In Akzo Nobel Coatings, Inc. v. The Dow Chemical Company, the Delaware Court of Chancery decided a dispute between two chemical companies that were parties to a joint development agreement. Akzo Nobel Coatings Inc. (“Akzo”) alleged, among other things, that The Dow Chemical Company, doing business as Dow Advanced Materials (“Dow”), wrongfully misappropriated intellectual property that belonged in part or in whole to Akzo and breached their joint development agreement. Dow moved to dismiss pursuant to Court of Chancery Rule 12(b)(6). The Court granted the motion in part and denied in part. Specifically, Akzo’s claims for declaratory judgment and breach of contract survived, but its alternative claims for breach of the implied covenant of good faith and fair dealing, conversion, and unjust enrichment were dismissed.

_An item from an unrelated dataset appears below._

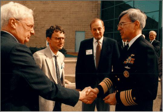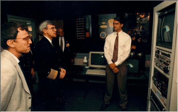 AHPCRC Bulletin: Winter/Spring 1995 - Volume 5 Number 1-2A Grateful Nation Remembers 1945-1995Paul Muzio (AHPCRC-MSCI)The University of Minnesota's Institute of Technology (IT) commemorated the 50th Anniversary of the end of World War II at its annual IT Alumni Week Reunion Banquet on May 5, 1995. The Banquet theme was RA Grateful Nation Remembers 1945-1995: 50 Years of ProgressS and honored the contributions of IT faculty and students in the War effort. The keynote speaker for the event was Admiral William A. Owens, Vice Chairman of the Joint Chiefs of Staff. During World War II, The University of Minnesota campus housed the V-12 Naval Reserve Officers Training Corps program, the Army Reserve Officers Training Corps, the Army Specialized Training Program and other military programs. More than 1,500 students were in the Navy program and several hundred individuals participated in the Army programs. Two alumni Naval officers were killed at Pearl Harbor and a total of 568 University alumni or students were killed during the War. Admiral Owens' keynote speech focused on three major topics affecting defense strategy and priorities: The End of the Cold War; Budgetary Constraints; and, The Revolution in Technology. Admiral Owens indicated that each of the three factors will have a significant impact on the way future wars may be fought and on the requirements for future war fighting tools. The end of the Cold War and the demise of the Soviet Union basically eliminates the possibility of a future large scale, multi-front war against a single, technologically sophisticated adversary. Future wars are more likely to have limited battlefields, on the order of 200 by 200 miles. Potential adversaries will have access to sophisticated weapons including limited numbers of strategic missiles and nuclear, biological and chemical weapons. The military advantage will lie not necessarily with those nations with the strongest economy or technological leadership, but rather with those who are able to most effectively adapt and quickly meld military doctrine, information technology and weapons technology to dynamically changing battlefield conditions. Admiral Owens visited the AHPCRC on May 6. He was welcomed to the Center on behalf of the Army by Dr. Richard Chait, Director of Research and Laboratory Management, Office of the Assistant Secretary of the Army (Research, Development and Acquisition) and on behalf of the University by AHPCRC Director Tayfun Tezduyar. The Admiral was briefed on the research activities of the Center, in particular, the results of collaborative projects with the Army on the use of high performance computing in parafoil modeling, regenerative liquid propellant gun design, resin transfer molding, finite element modeling of fluid flow in spillways, and distributed interactive simulation. The Admiral also toured the AHPCRC and the Minnesota Supercomputer Center facilities. Major General Eugene Andreotti, Adjutant General, Minnesota National Guard and Harold Breaux, Walter Sturek and Charles Nietubicz, Army Research Laboratory, also participated in the tour. |

Akzo specializes in the design, manufacture, and sale of various chemical coatings, including protective coatings for food and beverage packaging and containers. Dow develops, manufactures, and sells polymeric materials, products, and technologies, including those suitable for use in coatings for food and beverage containers. In January of 2010, the parties executed a Joint Development Agreement (“JDA”) to combine the parties’ respective areas of expertise in pursuit of the development of new protective coatings for metal food and beverage packaging containers. Depending on the resulting invention, any given project under the JDA could either be wholly owned by one of the two parties or jointly owned. Dow terminated the JDA in October of 2011, and then communicated to Akzo in May of 2012 that it intended to file two patent applications relating to potential JDA inventions. In June of 2013, Akzo filed its complaint, asserting claims for: (1) a declaratory judgment regarding Akzo’s ownership rights under the JDA; (2) breach of contract and a permanent and mandatory injunction against Dow; (3) breach of the implied covenant of good faith and fair dealing; (4) conversion; and (5) unjust enrichment. The Court reviewed the complaint under the reasonable “conceivability” standard, the governing pleading standard in Delaware to survive a motion to dismiss, which asks whether there is a “possibility” of recovery.

The Court denied Dow’s motion to dismiss Akzo’s claim for declaratory judgment of its ownership rights under the JDA. Under the JDA, ownership of JDA inventions was based on the categorization of inventions as “target-coating” (owned by Akzo), “materials” (owned by Dow), “project materials” (owned by Dow), and other (jointly owned). Akzo alleged that it owned the inventions claimed in Dow’s patent applications, or in the alternative, was a joint owner. Dow contended that the inventions were “materials” under the JDA and therefore belonged solely to Dow. In denying Dow’s motion to dismiss, the Court found that, even assuming Dow’s interpretation of the JDA was reasonable, it was also reasonably conceivable that Akzo could prove at trial that the patent applications claim non-“material” JDA inventions (which would give Akzo at least joint ownership).

The Court also denied Dow’s motion to dismiss Akzo’s breach of contract claim. The JDA imposed several obligations on the parties with respect to confidential information. Akzo alleged that Dow breached the JDA when it disclosed Akzo’s confidential information in the patent applications. Dow argued that Akzo’s allegations were so vague that they failed to place Dow on notice, thereby violating Court of Chancery Rule 8. The Court held that Delaware requires only notice pleading as to Akzo’s confidential information claims and that the determination of whether the allegedly confidential information was already in the public domain constituted a disputed issue of fact that could not be resolved on a motion to dismiss.

The Court, however, granted Dow’s motion to dismiss Akzo’s remaining claims for the breach of the implied covenant of good faith and fair dealing, conversion, and unjust enrichment, finding that the JDA governed the entirety of the relationship between the parties and that these claims were duplicative of Azko’s other claims.